The Interior Department is heating up its war on costly and deadly wildfires in the West, junking policies of leaving forests alone and letting piles of deadwood lay to fuel more fires.
Interior Secretary Ryan Zinke said letting nature take its course is costing too much in money and lives, and added that few other countries follow that policy.
Just letting fuel build up, he said, is "inexcusable and shameful because we can actively manage our holdings to remove the dead and dying timber and restore the health of the forest. Other countries do it. German does it."
In an interview with Secrets in advance of issuing a new directive demanding a policy change, he said in the past, "their thinking was let nature take its course. It's the naturalist in extreme." Zinke added, "Nature is on geologic time."

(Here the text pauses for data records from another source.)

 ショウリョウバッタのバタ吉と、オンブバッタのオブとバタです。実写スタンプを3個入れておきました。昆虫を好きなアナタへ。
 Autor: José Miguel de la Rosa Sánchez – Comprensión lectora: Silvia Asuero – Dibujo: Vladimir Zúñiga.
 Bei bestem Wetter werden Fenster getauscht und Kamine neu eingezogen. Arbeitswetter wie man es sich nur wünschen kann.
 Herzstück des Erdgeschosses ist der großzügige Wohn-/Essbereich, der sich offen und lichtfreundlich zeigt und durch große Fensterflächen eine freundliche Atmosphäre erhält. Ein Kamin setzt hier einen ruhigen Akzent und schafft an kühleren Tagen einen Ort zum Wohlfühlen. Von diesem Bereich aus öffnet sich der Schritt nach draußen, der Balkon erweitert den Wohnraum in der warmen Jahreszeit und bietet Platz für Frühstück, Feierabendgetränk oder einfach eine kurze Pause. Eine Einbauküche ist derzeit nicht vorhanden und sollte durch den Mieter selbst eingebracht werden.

In a memo to department officials last week, Zinke said:
"I am directing you to think about fire in a new and aggressive way. Address the threat of fire in all of your activities, rather than engaging only the fire staff. All land managers across the Department of the Interior (Department) have a responsibility, using the full range of existing authorities, to consider using fuels management to achieve their programs' and units' resource- and land-management objectives. Where dead and dying trees have become hazards that can carry fire across our boundaries or into areas that are a threat to values-at-risk, we must move aggressively to minimize that threat."

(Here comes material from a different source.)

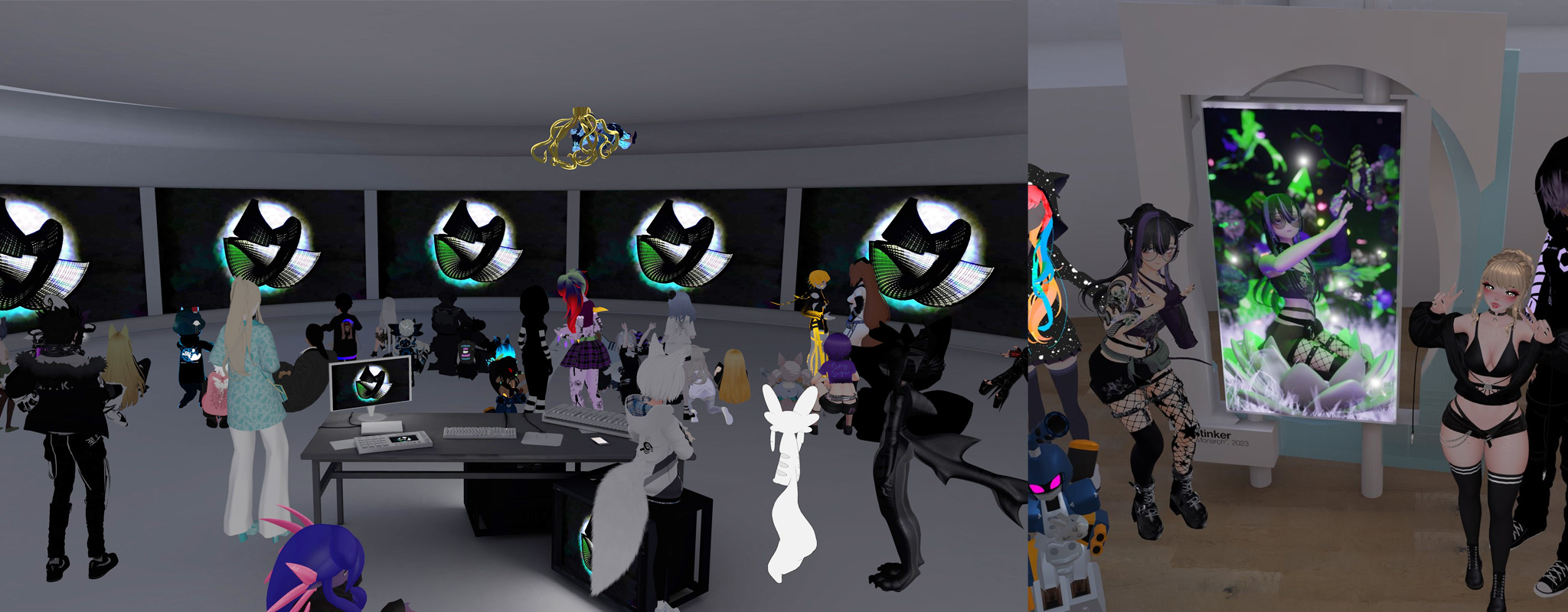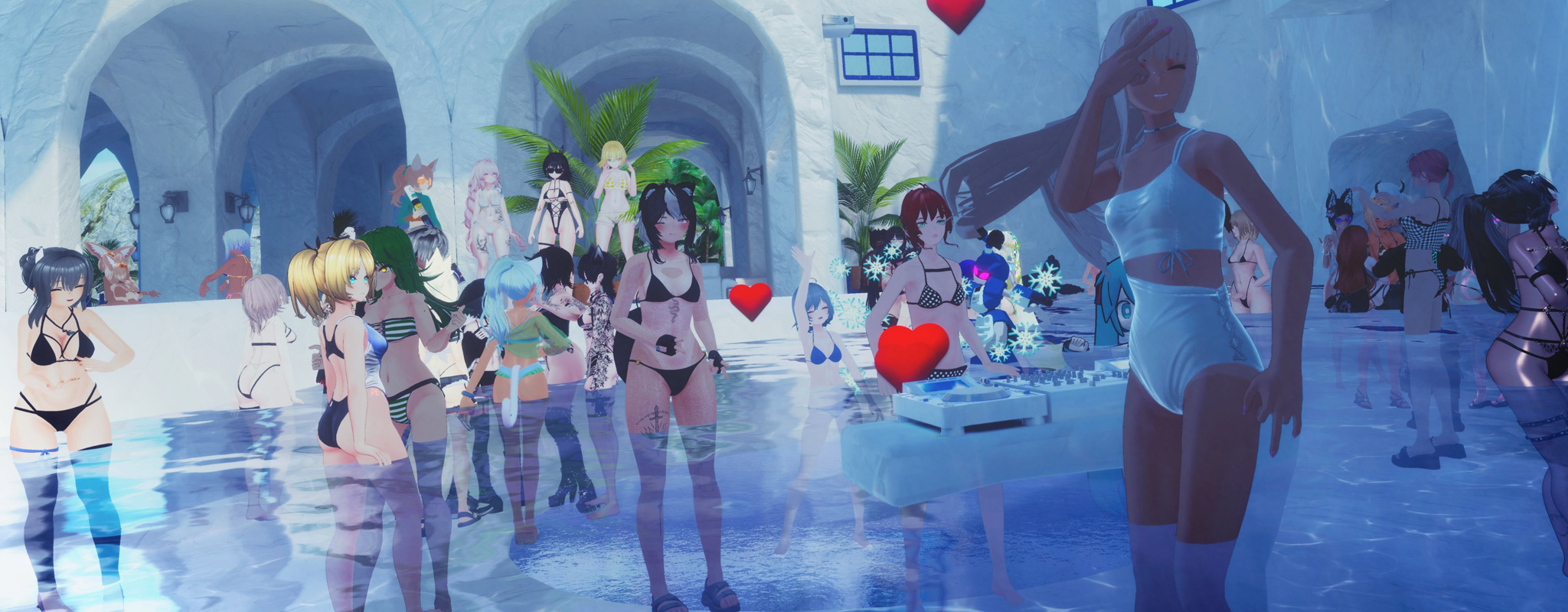 I wanted to subvert the bright neon and dark spaces of the existing rave scene, and share the taste of outdoor music that I love. Golden Sunset became a staple of the rave community, offering horizon views, green folliage, and no bright screens or stimulation. The event has inspired many in the community to create or don their own swimsuits to feel immersed in the world. Over two years I've now created 5 different pool party worlds, with the most recent version being selected to host an official VRChat party with the dev team.

Zinke told Secrets that huge wildfires like the one ravaging the Columbia River Gorge are burning "hotter and longer" due to the build up of old and dead logs and vegetation.
Zinke told us that he wants all of that cleaned up and old logs sold. His goal is to "look at a forest as a system and managing it better as a system."

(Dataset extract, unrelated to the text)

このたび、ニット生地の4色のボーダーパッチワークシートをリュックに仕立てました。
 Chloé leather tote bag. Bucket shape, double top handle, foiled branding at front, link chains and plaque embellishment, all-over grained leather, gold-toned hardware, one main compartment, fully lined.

He would sell old and dead timber to contractors, even "mom and pop" local saw mills, rather than let the wood rot. He said that dead timber has "value."
That money could then be used to improve forests, parks and help offset the $11 billion needed to improve the infrastructure of Interior properties.
"We simply cannot afford to continue business as usual. We must do everything we can to address the steady accumulation of fuels on our Nation's public lands and the resulting increased threats from catastrophic wildfires," added Zinke's memo.
Critics are likely to attack the new policy, but in its release of the Zinke memo Interior lined up several key supporters to voice their agreement with the secretary.
"If we don't start managing our forests, the forests are going to start managing us," said Montana Sen. Steve Daines. "The fires burning across Montana are a catastrophe, and we need all available resources to combat this threat. I applaud Secretary Zinke's action to focus resources on attacking wildfires."
Bryan Rice, director of the Office of Wildland Fire, added, "It is critical to fully consider the benefits of fuels reduction in the everyday management activities that we carry out for our public land management objectives, such as clearing along roadsides, around visitor use areas like campgrounds and trails, near employee housing areas, and within administrative site areas subject to wildfire."